[WORK TASK]
Leave the images out and repeat the data exactly as given.

-------- SUPPLIED DATA

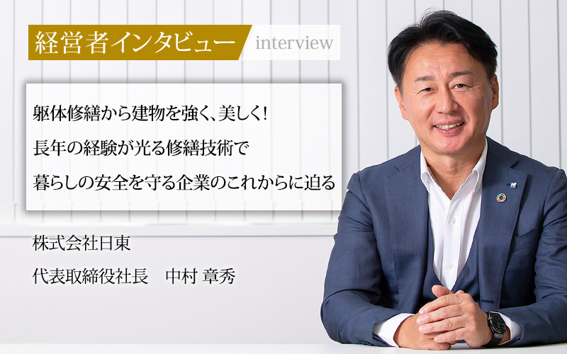 マンションやビルなどの大規模修繕工事をメインに事業を展開する株式会社日東。同社は創業以来、躯体補修の分野で確かな技術力で成長を続け多くのゼネコン・設計事務所から厚い信頼を獲得している。現在、YKK APグループの一員としてさらなる事業拡大に挑戦している同社の代表取締役社長、中村章秀氏に話をうかがった。
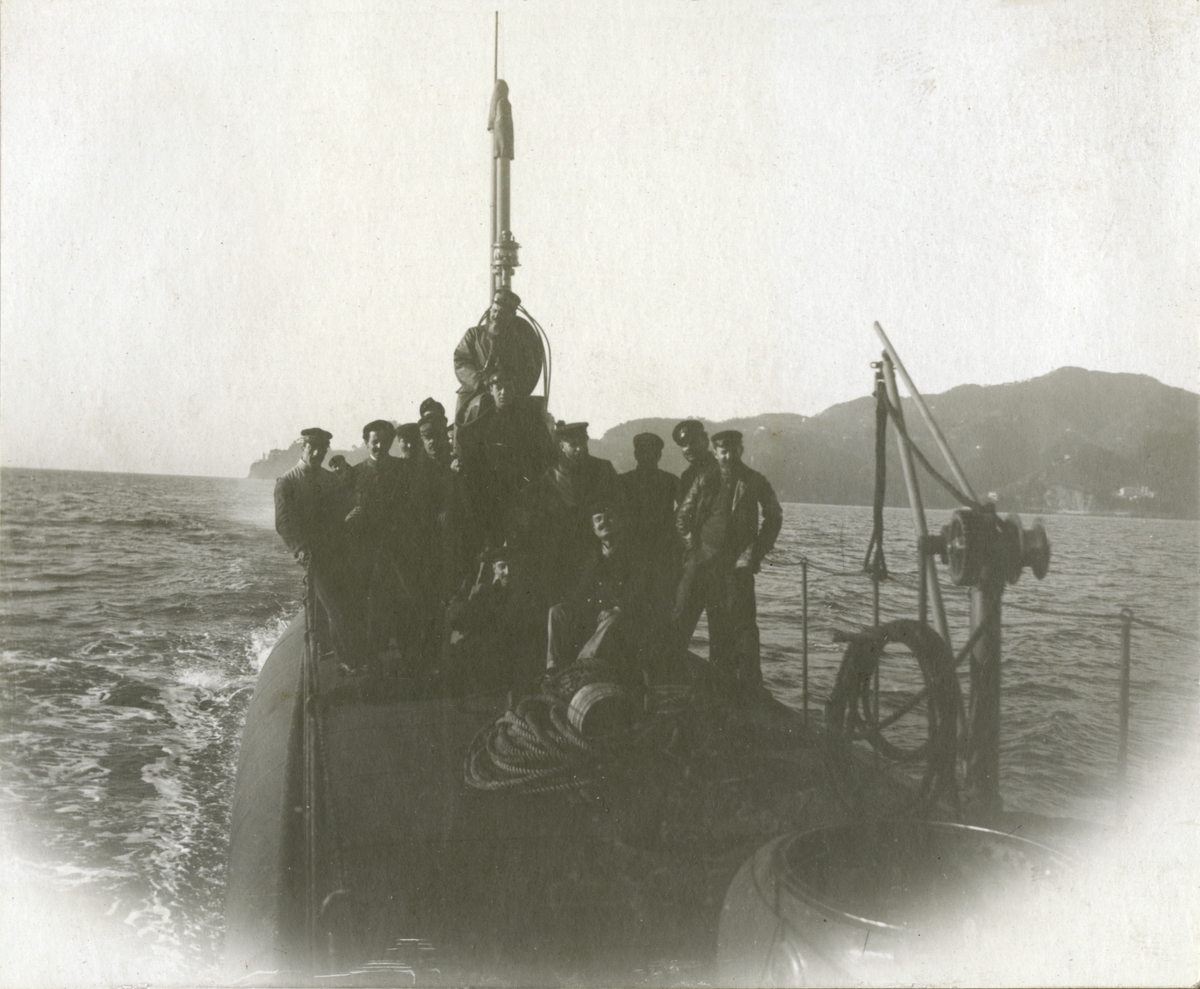 Provtur med ubåten HVALEN. Gruppbild för om tornet.
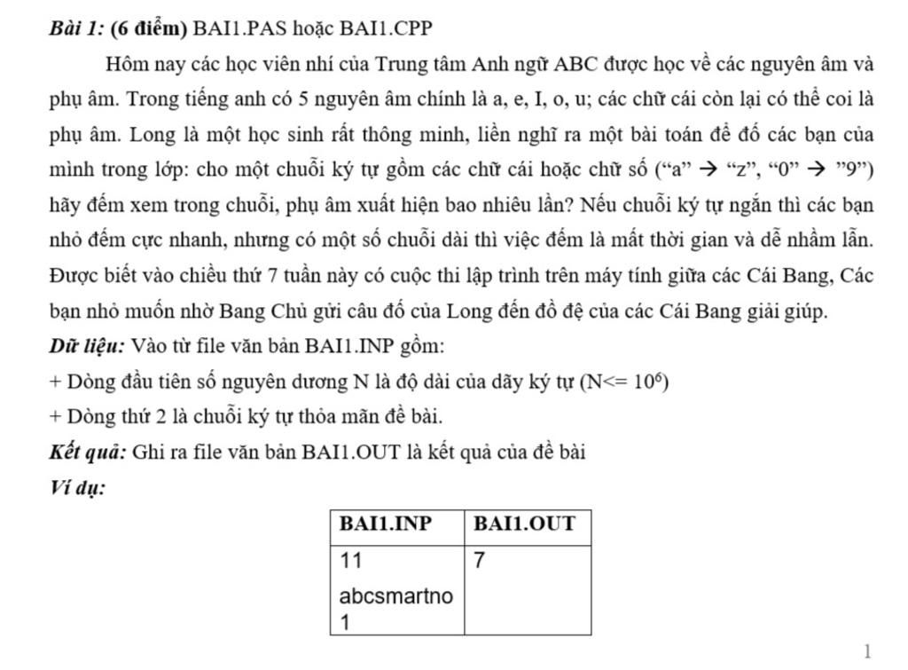 - Nhập n - Nhập s - d=0 - for i -> s, nếu i không phải các nguyên âm hay số thì tăng biến đếm lên 1 - xuất biến đếm
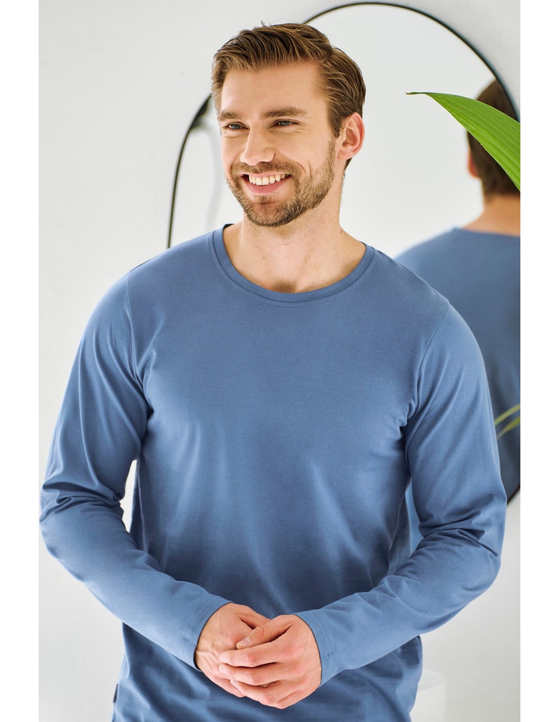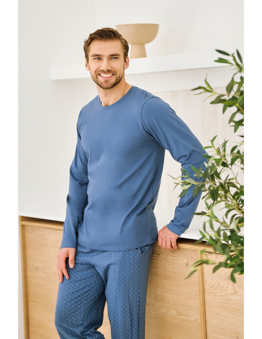 Piżama męska 3474 Lorenzo to klasyczna i komfortowa propozycja wykonana w całości z naturalnej, oddychającej bawełny. Gładka, jednolita koszulka jest z długim rękawem i okrągłym dekoltem zapewnia prosty, elegancki wygląd oraz wygodę noszenia.
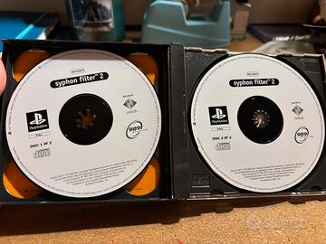 Cofanetto 2 giochi originali per PlayStation Ps1. Il cofanetto contiene Syphon Filter 2 e A Sangue Freddo, entrambi in versione italiana. Presente anche il manuale. La custodia presenta molti segni del tempo e graffi ma e’ integra, i dischi, chi piu’ chi meno presentano segni d’usura ma sono testati e perfettamente funzionanti.
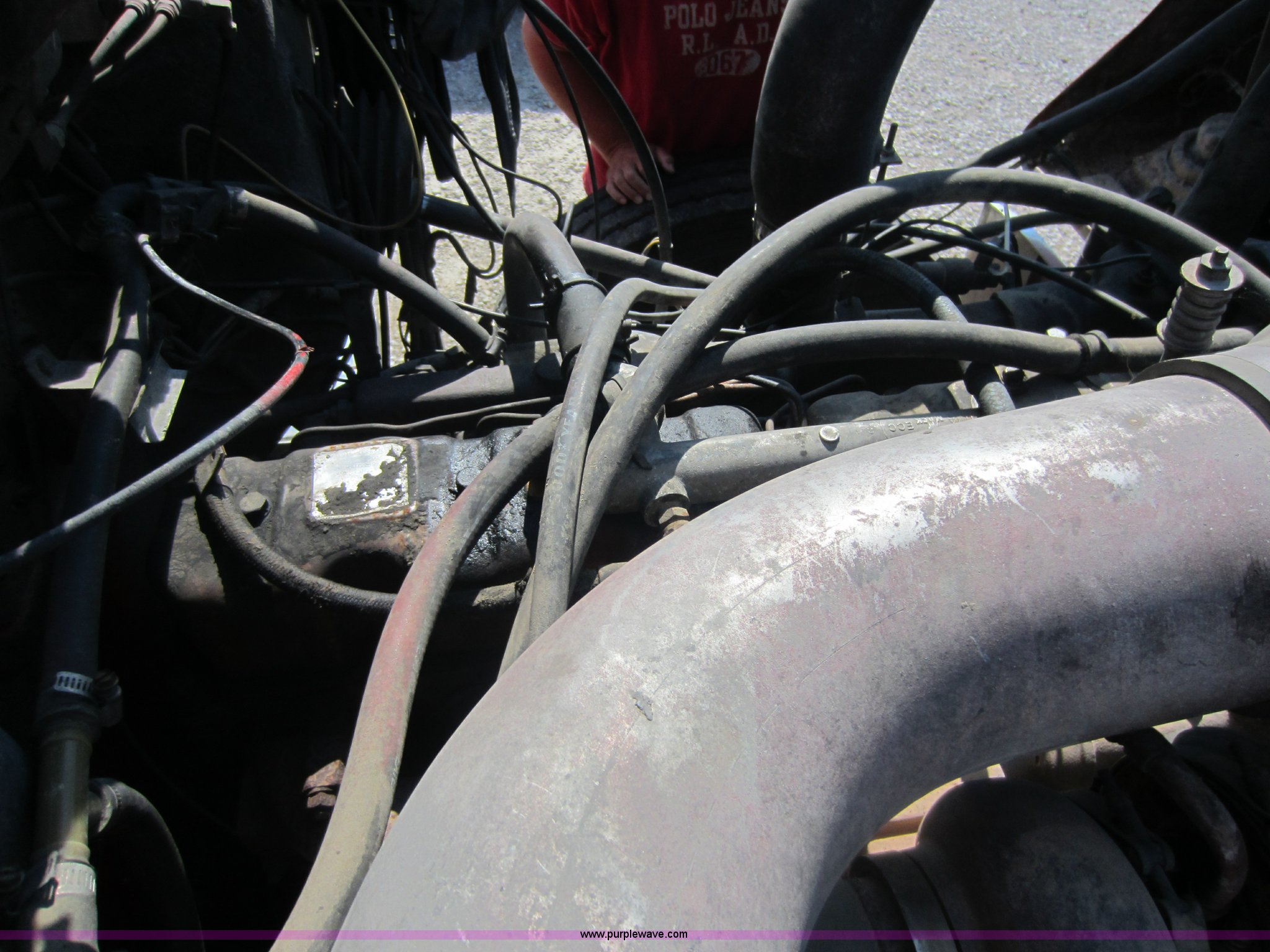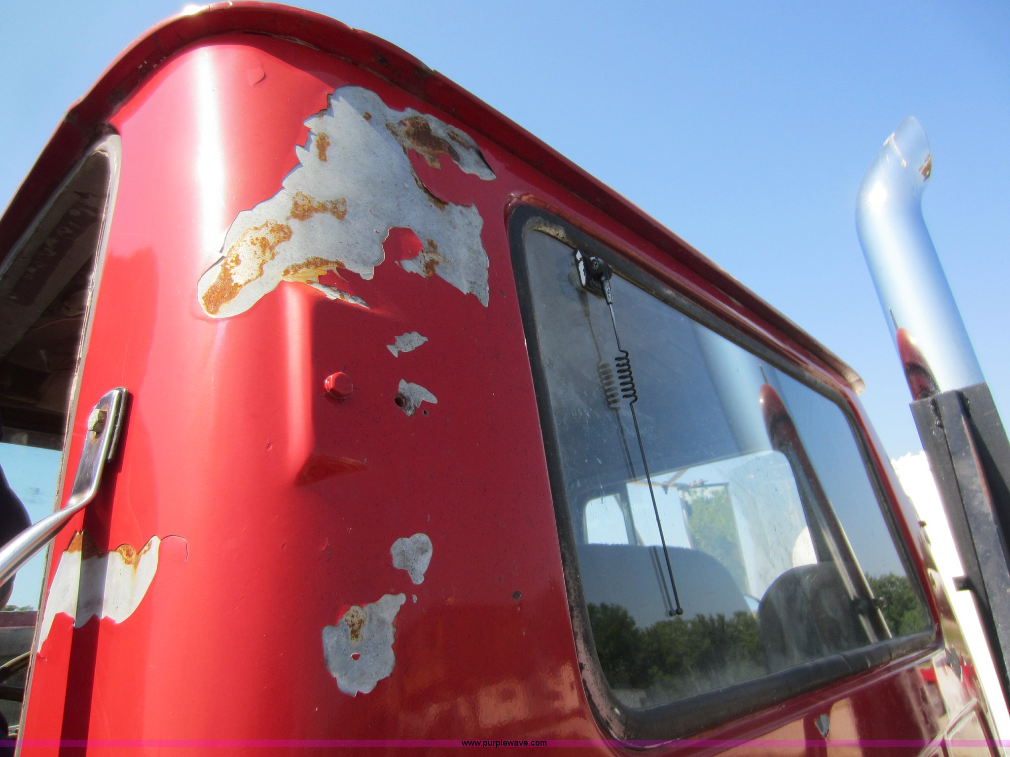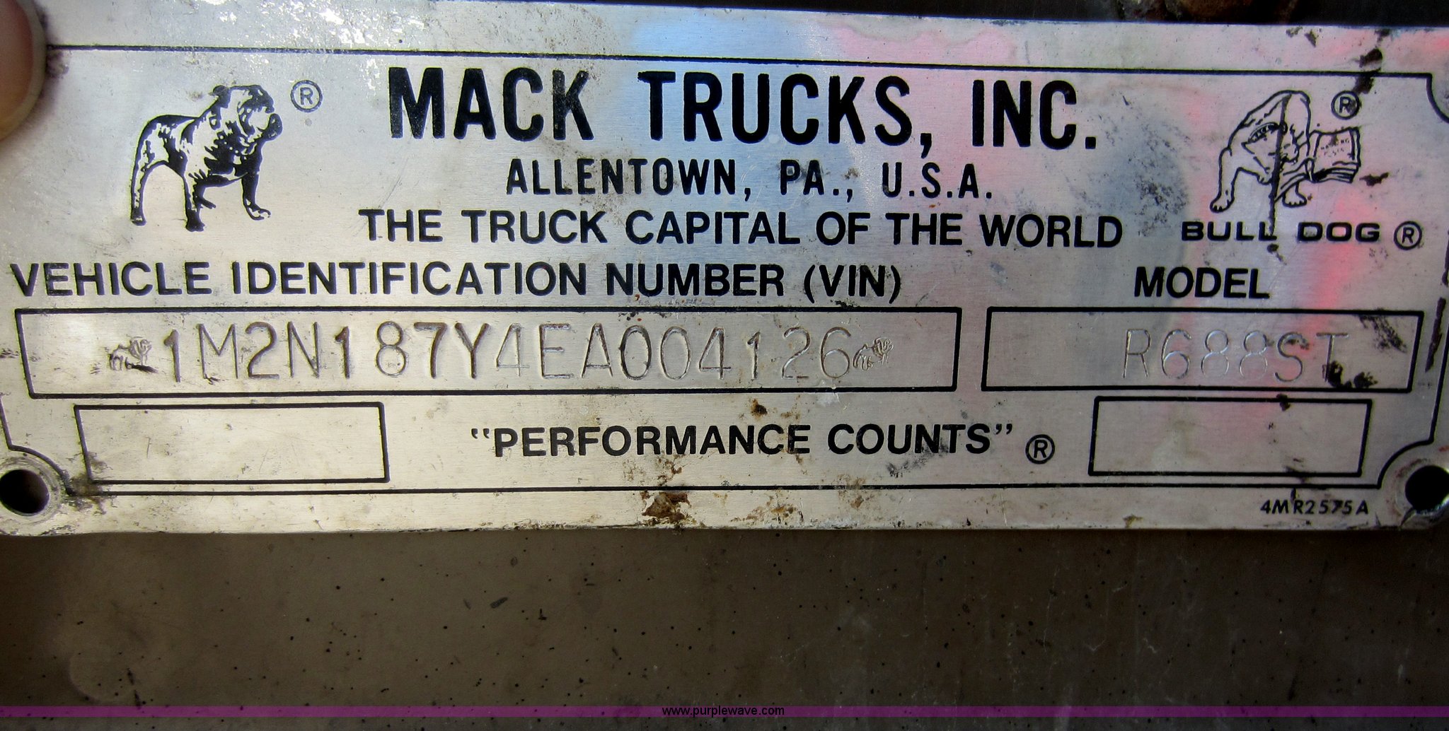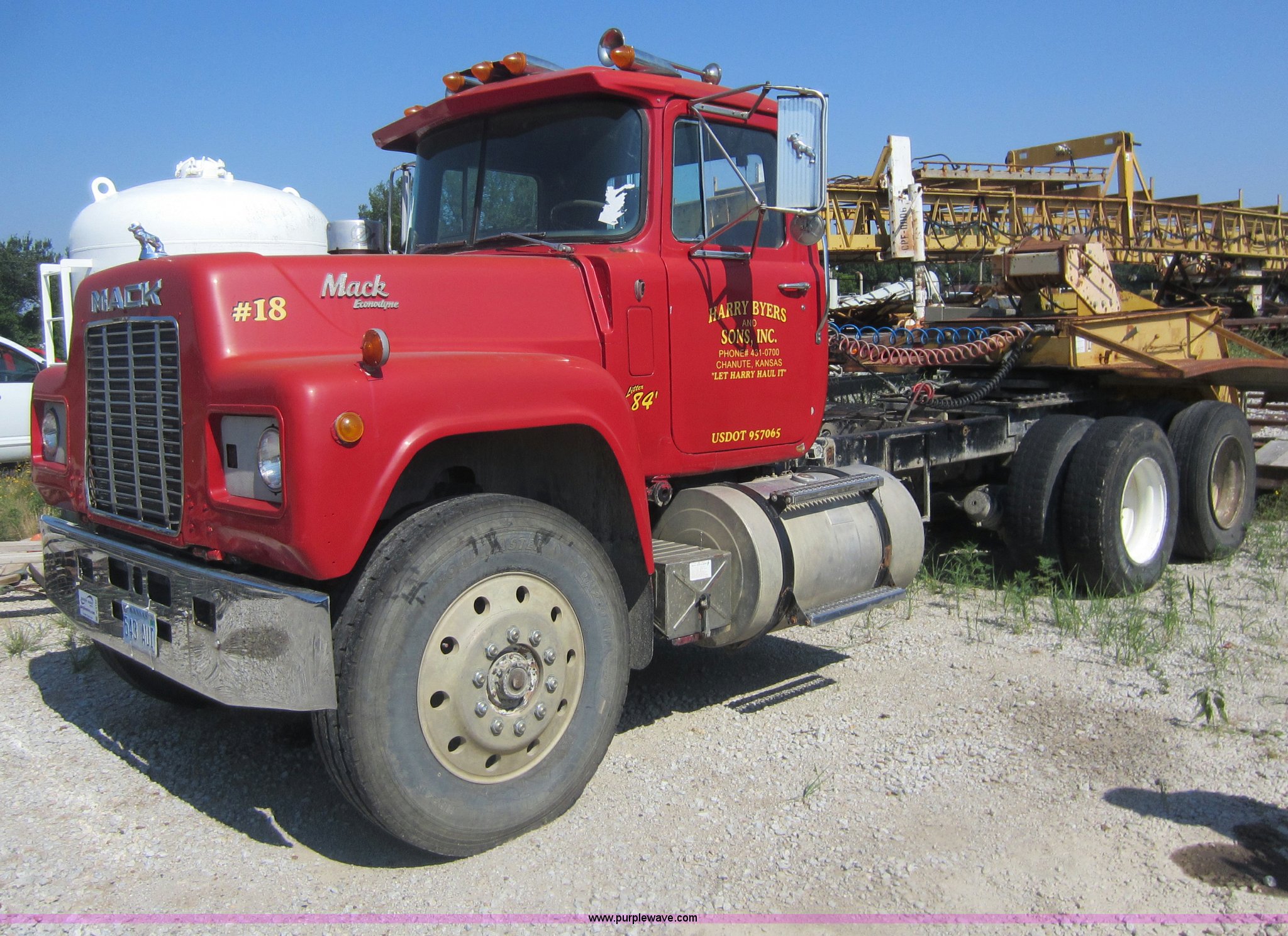 1984 Mack Econodyne R688ST semi truck. 398,656 miles on odometer Not actual mileage, 3,765 hours on meter, Mack E7 11.0L L6 turbo diesel engine 350 HP, Eaton Fuller 13 speed manual transmission, Heat, Air seats, Visor , Bumper, Block heater, Dual 80 gallon fuel tanks, Single rear exhaust stack, Sliding deck plate, Spring suspension Recently replaced camel back style, Air brakes, 198" wheelbase, Front aluminum rims, Rear steel rims, 11R24.5 front tires, 11R22.5 rear tires Worn, Exterior cosmetic damage, Paint peeling, Body rust, Dead battery. 1M2N187Y4EA004126. Shipping quotes available. Harry Byers & Sons, Inc.. 5th St and HWY 47. St. Paul, KS 66771

----------------

[SOLUTION]
 マンションやビルなどの大規模修繕工事をメインに事業を展開する株式会社日東。同社は創業以来、躯体補修の分野で確かな技術力で成長を続け多くのゼネコン・設計事務所から厚い信頼を獲得している。現在、YKK APグループの一員としてさらなる事業拡大に挑戦している同社の代表取締役社長、中村章秀氏に話をうかがった。
 Provtur med ubåten HVALEN. Gruppbild för om tornet.
 - Nhập n - Nhập s - d=0 - for i -> s, nếu i không phải các nguyên âm hay số thì tăng biến đếm lên 1 - xuất biến đếm
 Piżama męska 3474 Lorenzo to klasyczna i komfortowa propozycja wykonana w całości z naturalnej, oddychającej bawełny. Gładka, jednolita koszulka jest z długim rękawem i okrągłym dekoltem zapewnia prosty, elegancki wygląd oraz wygodę noszenia.
 Cofanetto 2 giochi originali per PlayStation Ps1. Il cofanetto contiene Syphon Filter 2 e A Sangue Freddo, entrambi in versione italiana. Presente anche il manuale. La custodia presenta molti segni del tempo e graffi ma e’ integra, i dischi, chi piu’ chi meno presentano segni d’usura ma sono testati e perfettamente funzionanti.
 1984 Mack Econodyne R688ST semi truck. 398,656 miles on odometer Not actual mileage, 3,765 hours on meter, Mack E7 11.0L L6 turbo diesel engine 350 HP, Eaton Fuller 13 speed manual transmission, Heat, Air seats, Visor , Bumper, Block heater, Dual 80 gallon fuel tanks, Single rear exhaust stack, Sliding deck plate, Spring suspension Recently replaced camel back style, Air brakes, 198" wheelbase, Front aluminum rims, Rear steel rims, 11R24.5 front tires, 11R22.5 rear tires Worn, Exterior cosmetic damage, Paint peeling, Body rust, Dead battery. 1M2N187Y4EA004126. Shipping quotes available. Harry Byers & Sons, Inc.. 5th St and HWY 47. St. Paul, KS 66771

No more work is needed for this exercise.